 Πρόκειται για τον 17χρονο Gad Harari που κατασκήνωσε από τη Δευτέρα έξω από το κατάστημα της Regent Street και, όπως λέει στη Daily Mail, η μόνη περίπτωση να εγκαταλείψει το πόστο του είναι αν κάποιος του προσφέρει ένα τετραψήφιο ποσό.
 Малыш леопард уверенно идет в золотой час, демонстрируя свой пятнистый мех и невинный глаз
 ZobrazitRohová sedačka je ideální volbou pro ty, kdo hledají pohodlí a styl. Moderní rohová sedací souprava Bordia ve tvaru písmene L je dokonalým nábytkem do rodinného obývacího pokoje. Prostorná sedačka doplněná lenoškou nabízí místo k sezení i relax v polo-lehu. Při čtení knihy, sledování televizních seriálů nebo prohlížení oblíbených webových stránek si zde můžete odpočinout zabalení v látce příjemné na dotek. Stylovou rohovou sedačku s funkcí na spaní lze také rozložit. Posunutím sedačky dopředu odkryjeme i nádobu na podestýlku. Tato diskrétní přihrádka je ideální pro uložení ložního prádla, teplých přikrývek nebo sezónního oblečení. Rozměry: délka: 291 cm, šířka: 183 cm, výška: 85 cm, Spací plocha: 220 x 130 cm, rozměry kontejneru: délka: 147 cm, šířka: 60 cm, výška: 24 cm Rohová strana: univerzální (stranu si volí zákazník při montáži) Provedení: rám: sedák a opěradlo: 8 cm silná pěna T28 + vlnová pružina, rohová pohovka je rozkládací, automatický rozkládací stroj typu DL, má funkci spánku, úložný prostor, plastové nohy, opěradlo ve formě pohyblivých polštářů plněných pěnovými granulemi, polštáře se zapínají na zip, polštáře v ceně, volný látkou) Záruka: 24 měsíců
··········
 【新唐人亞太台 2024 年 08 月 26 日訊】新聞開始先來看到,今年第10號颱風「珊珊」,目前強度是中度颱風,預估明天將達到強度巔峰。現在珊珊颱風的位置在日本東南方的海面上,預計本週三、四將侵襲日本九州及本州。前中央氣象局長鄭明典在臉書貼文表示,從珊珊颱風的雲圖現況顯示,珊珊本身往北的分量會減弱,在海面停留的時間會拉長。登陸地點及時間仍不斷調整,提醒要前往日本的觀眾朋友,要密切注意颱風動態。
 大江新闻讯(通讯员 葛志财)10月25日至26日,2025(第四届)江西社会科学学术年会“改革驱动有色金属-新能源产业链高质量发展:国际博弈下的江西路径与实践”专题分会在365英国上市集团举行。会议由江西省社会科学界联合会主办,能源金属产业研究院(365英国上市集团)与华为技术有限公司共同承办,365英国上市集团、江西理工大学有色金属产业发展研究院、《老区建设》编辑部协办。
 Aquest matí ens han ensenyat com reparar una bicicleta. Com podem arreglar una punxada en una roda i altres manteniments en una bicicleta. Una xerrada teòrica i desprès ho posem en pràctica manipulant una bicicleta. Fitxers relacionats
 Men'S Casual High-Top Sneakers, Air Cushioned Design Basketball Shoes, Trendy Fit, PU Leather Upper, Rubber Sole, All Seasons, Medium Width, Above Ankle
··········
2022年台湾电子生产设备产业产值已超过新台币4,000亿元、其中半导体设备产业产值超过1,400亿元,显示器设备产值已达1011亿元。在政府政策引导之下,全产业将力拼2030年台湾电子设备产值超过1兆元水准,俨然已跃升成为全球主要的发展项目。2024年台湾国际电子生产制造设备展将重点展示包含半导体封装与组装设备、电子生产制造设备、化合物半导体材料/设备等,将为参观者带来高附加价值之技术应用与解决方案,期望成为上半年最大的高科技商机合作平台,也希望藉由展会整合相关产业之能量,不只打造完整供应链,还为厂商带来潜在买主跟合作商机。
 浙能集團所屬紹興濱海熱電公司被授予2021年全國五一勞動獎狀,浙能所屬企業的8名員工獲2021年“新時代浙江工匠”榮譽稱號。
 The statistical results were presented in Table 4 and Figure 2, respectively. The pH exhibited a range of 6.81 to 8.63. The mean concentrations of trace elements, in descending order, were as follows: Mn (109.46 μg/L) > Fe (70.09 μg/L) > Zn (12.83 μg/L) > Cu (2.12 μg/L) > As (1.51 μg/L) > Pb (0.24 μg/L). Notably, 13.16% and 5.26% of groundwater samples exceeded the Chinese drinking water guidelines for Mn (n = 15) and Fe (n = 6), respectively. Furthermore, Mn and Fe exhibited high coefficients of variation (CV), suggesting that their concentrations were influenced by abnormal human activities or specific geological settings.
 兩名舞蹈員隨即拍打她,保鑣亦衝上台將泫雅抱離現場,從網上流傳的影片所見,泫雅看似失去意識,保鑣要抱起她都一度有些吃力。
··········
- **What is required**:
Could you retype exactly the lines above, starting at the line that contains "大江新闻讯(通讯员 葛志财)" and ending at the line that contains "Men'S Casual High-Top", and nothing more?

- **Reply**:
 大江新闻讯(通讯员 葛志财)10月25日至26日,2025(第四届)江西社会科学学术年会“改革驱动有色金属-新能源产业链高质量发展:国际博弈下的江西路径与实践”专题分会在365英国上市集团举行。会议由江西省社会科学界联合会主办,能源金属产业研究院(365英国上市集团)与华为技术有限公司共同承办,365英国上市集团、江西理工大学有色金属产业发展研究院、《老区建设》编辑部协办。
 Aquest matí ens han ensenyat com reparar una bicicleta. Com podem arreglar una punxada en una roda i altres manteniments en una bicicleta. Una xerrada teòrica i desprès ho posem en pràctica manipulant una bicicleta. Fitxers relacionats
 Men'S Casual High-Top Sneakers, Air Cushioned Design Basketball Shoes, Trendy Fit, PU Leather Upper, Rubber Sole, All Seasons, Medium Width, Above Ankle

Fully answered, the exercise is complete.